* Richard W.M. Jones <rjones(a)redhat.com> [2007-09-06 09:45]:
Daniel Veillard wrote:
>1) Provide a function describing the topology as an XML instance:
>
> char * virNodeGetTopology(virConnectPtr conn);
>which would return an XML instance as in virConnectGetCapabilities. I
>toyed with the idea of extending virConnectGetCapabilities() to add a
>topology section in case of NUMA support at the hypervisor level, but
>it was looking to me that the two might be used at different times
>and separating both might be a bit cleaner, but I could be convinced
>otherwise.
I'd definitely prefer to extend virConnectGetCapabilities XML. It
avoids changing the remote driver and language bindings, and really
callers only need to pull capabilities once per connection.

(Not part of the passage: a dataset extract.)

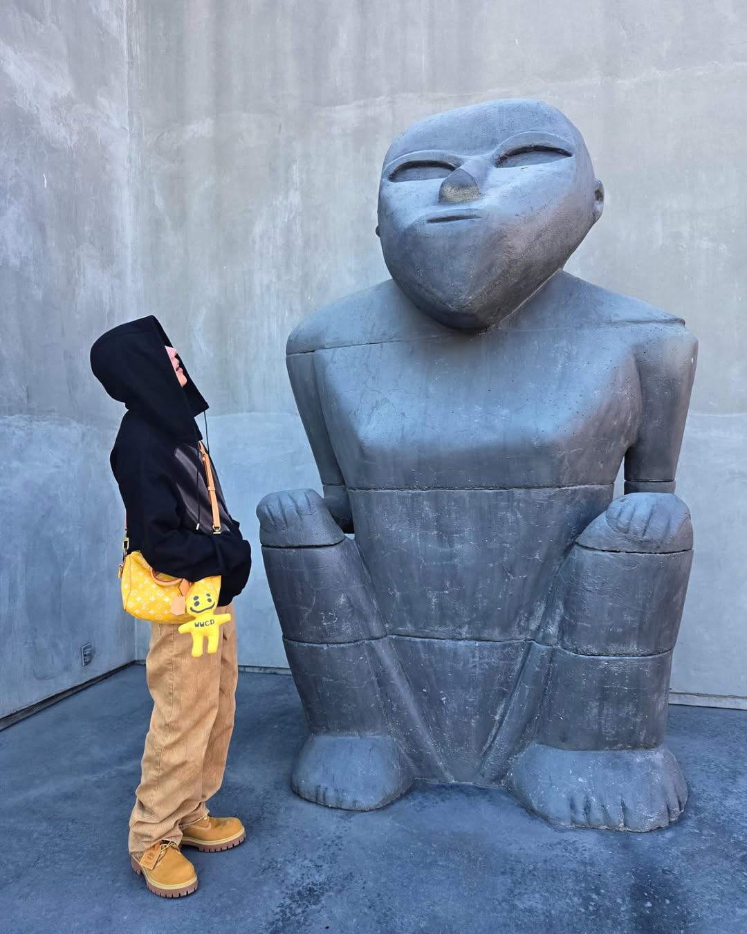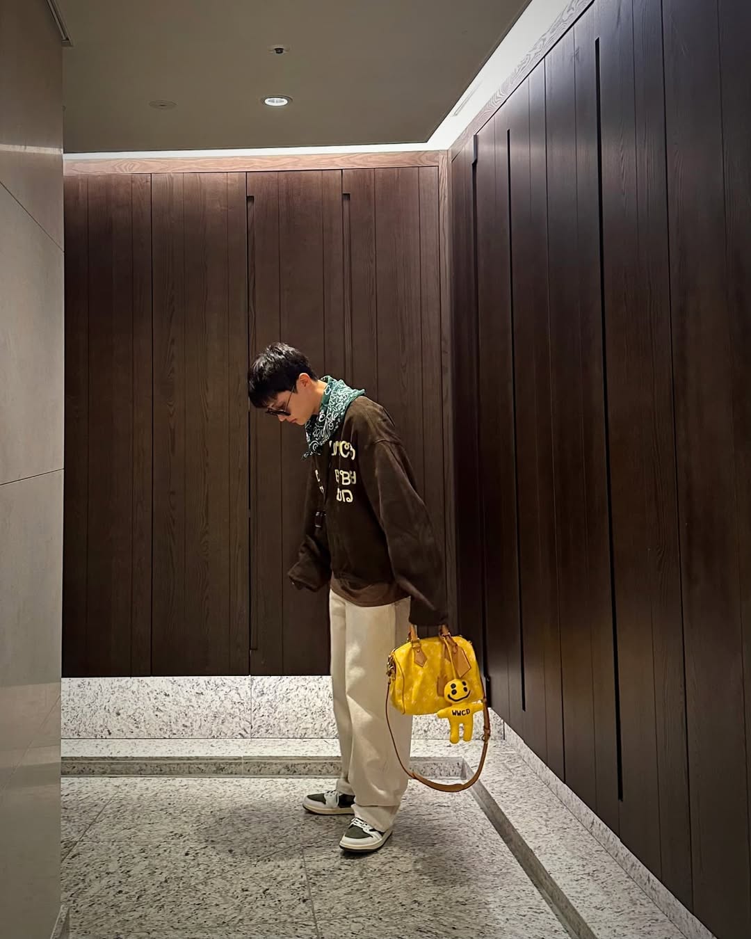 J-hope透過毛衣、衛衣等寬鬆服飾的搭配,以簡潔的配色和流暢的線條,彰顯出他的個性與品味。他在演繹寬鬆玫紅色衛衣時,會搭配Louis Vuitton藍色Monogram蓬鬆圍巾,增添保暖性的同時,還有造型層次感。
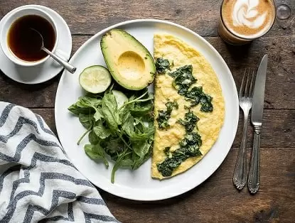 Завтрак: Омлет с зелёным луком, шпинатом и куркумой acompa?ado с половиной авокадо и салатом из огурца с оливковым маслом. Напиток — цикория с кокосовым молоком. Желательно добавить БАДы: селен (100 мкг) и витамин C (250 мг).

>---------------------------------
><topology>
> <cells num='2'>
> <cell id='0'>
> <cpus num='2'>
> <cpu id='0'/>
> <cpu id='1'/>
> </cpus>
> <memory size='2097152'/>
> </cell>
> <cell id='1'>
> <cpus num='2'>
> <cpu id='2'/>
> <cpu id='3'/>
> </cpus>
> <memory size='2097152'/>
> </cell>
> </cells>
></topology>
>---------------------------------
>
> A few things to note:
> - the <cells> element list the top sibling cells
Not <nodes>?
> - the <cell> element describes as child the resources available
> like the list of CPUs, the size of the local memory, that could
> be extended by disk descriptions too
> <disk dev='/dev/sdb'/>
> and possibly other special devices (no idea what ATM).
>
> - in case of deeper hierarchical topology one may need to be able to
> name sub-cells and the format could be extended for example as
> <cells num='2'>
> <cells num='2'>
> <cell id='1'>
> ...
> </cell>
> <cell id='2'>
> ...
> </cell>
> </cells>
> <cells num='2'>
> <cell id='3'>
> ...
> </cell>
> <cell id='4'>
> ...
> </cell>
> </cells>
> </cells>
> But that can be discussed/changed when the need arise :-)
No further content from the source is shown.